Ryan Reynolds Explains Why 'Green Lantern' Failed Where 'Deadpool' Succeeded
The list of actors who've played superheroes is long, and getting longer seemingly every day. But the subset of actors who've played multiple superheroes is still pretty small. One who belongs to that exclusive club is Ryan Reynolds, who played Deadpool in X-Men Origins: Wolverine, then Green Lantern in Green Lantern, and then Deadpool again in Deadpool.
That last film was the one where he finally struck gold. Deadpool fared better than Green Lantern by every metric, earning far stronger reviews and grossing way more at the box office. So what went right? Why did Deadpool soar where Green Lantern had stumbled? Reynolds has some thoughts on that front.
Reynolds reflected on the difference between Deadpool and Green Lantern in a chat with Entertainment Weekly:
Well it's simple: Deadpool always knew what it was. With Green Lantern, I don't think anyone ever figured out exactly what it was. That isn't to say the hundreds of men and women didn't work their fingers to the bone to make it as good as possible. It also fell victim to the process in Hollywood which is like poster first, release date second, script last. At the time, it was a huge opportunity for me so I was excited to try and take part in it.

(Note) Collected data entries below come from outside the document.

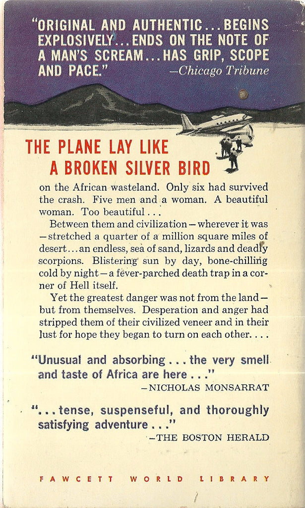 To the desert came the plane, to the immeasurable wastes of Africa. And by the dawn of the second day―after the night storm, the hours of flight, the crash, the day of waiting, and the death of Detjens―six remained, alone, strangers, with only themselves and the wreckage and the black mountain on the horizon for company. The six: Sturdevant, the pilot, burdened with a guilt far greater than the loss of his plane; Grimmelmann, the wizened old German, veteran of the Herero war and the two World Wars, wise in the lore of the desert and the ways of the world; Jefferson Smith, a Negro, a professor and a scholar, come to Africa on a Foundation grant; Mike Bain, engineer, drifter, drunkard, vaguely in search of a job in the interior, ill-equipped to cope with the demands of the desert; Grace Monckton, English divorcee, returning to her family's ranch in the Union; and finally, O'Brien, a man of great strength, sometime millionaire, sometime wanderer, a hunter by instinct and by choice. The six, brought together by chance, and with the odds of survival overwhelmingly against them, have only each other, for both friend and foe. Around them is the desert―implacable, pitiless, filled with unseen enemies. And on the horizon is the black mountain, beyond which is hidden the unknown.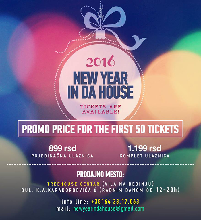 NOVA GODINA 2016: Ludilo u predratnoj vili na Dedinju se nastavlja, ovog puta – u trajanju od 2 dana! U težnji da doprinesemo održavanju starih i uspostavljanju novih kvaliteta i standarda organizacije koji će poštovaocima pravog underground zvuka pričiniti još veće zadovoljstvo, odlučili smo da samo za ovu priliku otvorimo kompletan gornji sprat, po prvi put, na kome će biti poseban stage i chill zona, tokom novogodišnje noći i reprize.
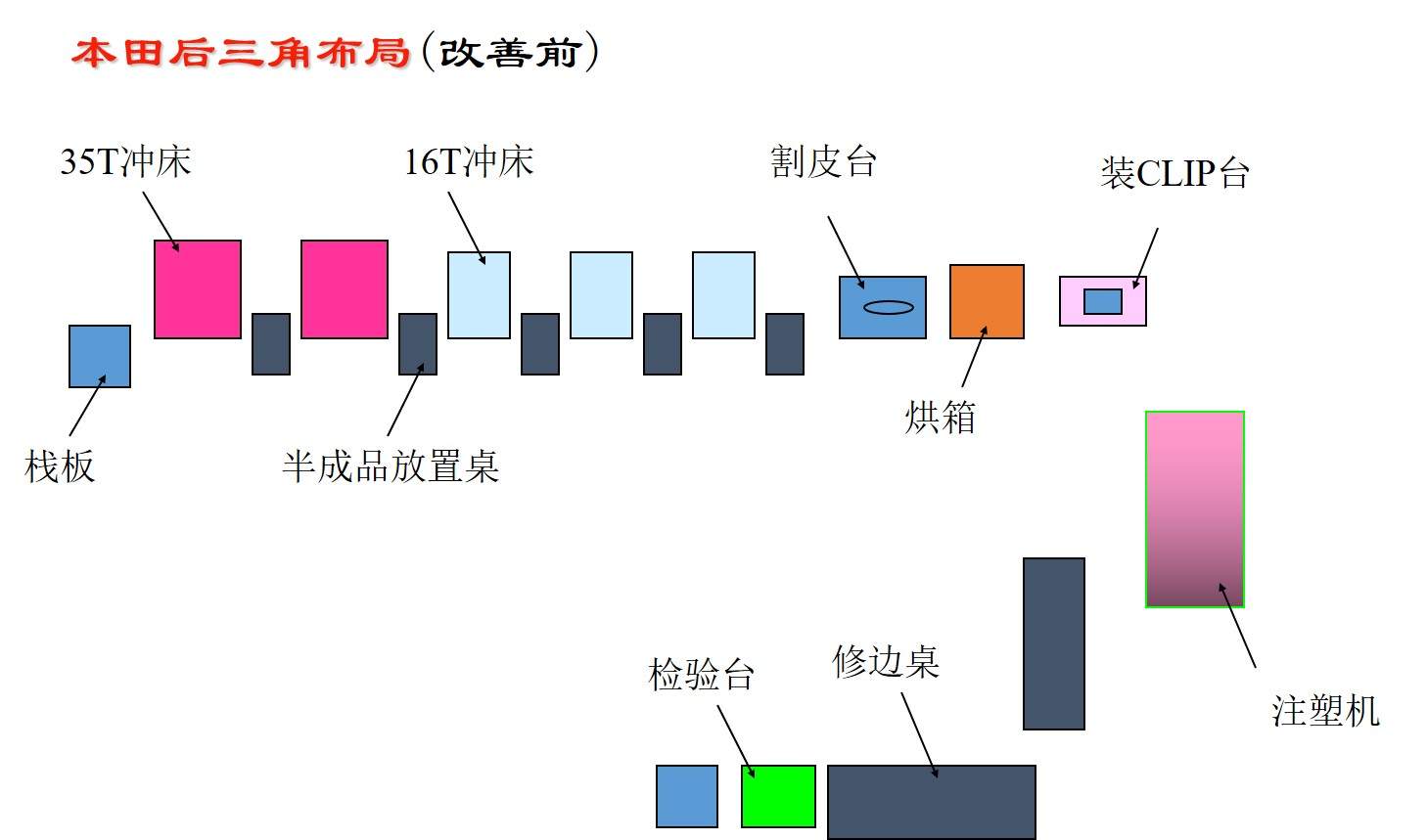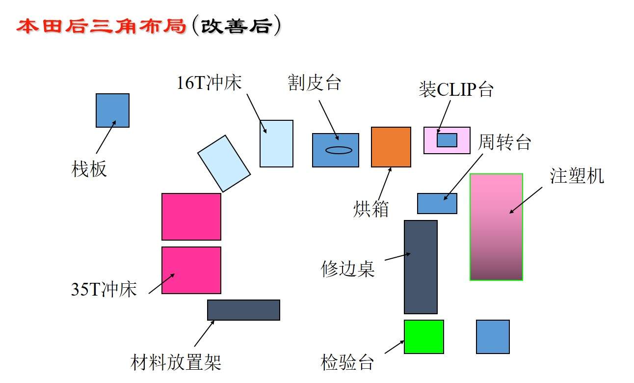 在一些工廠中經(jīng)??梢钥吹剑煌ば虻募庸ぴO(shè)備之間的距離非常遠,搬運到下一道工序,這樣的現(xiàn)象被稱為孤島設(shè)備。“一個流”生產(chǎn)要求放棄按設(shè)備類型排列的布局,而是按照加工順序來排列生產(chǎn)設(shè)備,避免孤島設(shè)備現(xiàn)象的出現(xiàn),盡可能使設(shè)備的布置流水線化,真正做到只有“一個流”。

"Deadpool always knew what it was" feels like a pretty good summary of what worked so well about that movie. In an increasingly crowded field of superhero movies, Deadpool stood out with its R-rated violence, its crude humor, and its winking self-awareness. It might not have been for everyone, but that's what was so refreshing about it. Deadpool felt like a blockbuster that came from a single distinct vision, rather than one that had been rushed through production by a committee.
Some of that surely stemmed Deadpool being a long-simmering passion project for Reynolds and his team. He'd been trying to get the Deadpool movie of his dreams off the ground for years, since even before he switched over to Green Lantern. As a matter of fact, Reynolds revealed, he made one more attempt in between X-Men Origins: Wolverine and Green Lantern:
I did however write a letter to Fox right before I had to decide whether or not I was gonna do Green Lantern. I asked one last time sort of like the groom standing at the alter, 'Will you please be my wife?' and they said they couldn't pull the trigger on Deadpool. For too many reasons too boring to illustrate, it just didn't work.
In the end, of course, it all worked out for Reynolds. Green Lantern's failure meant it never got a sequel, which meant Reynolds was free to make the Deadpool movie he'd always wanted to make – Green Lantern jokes and all.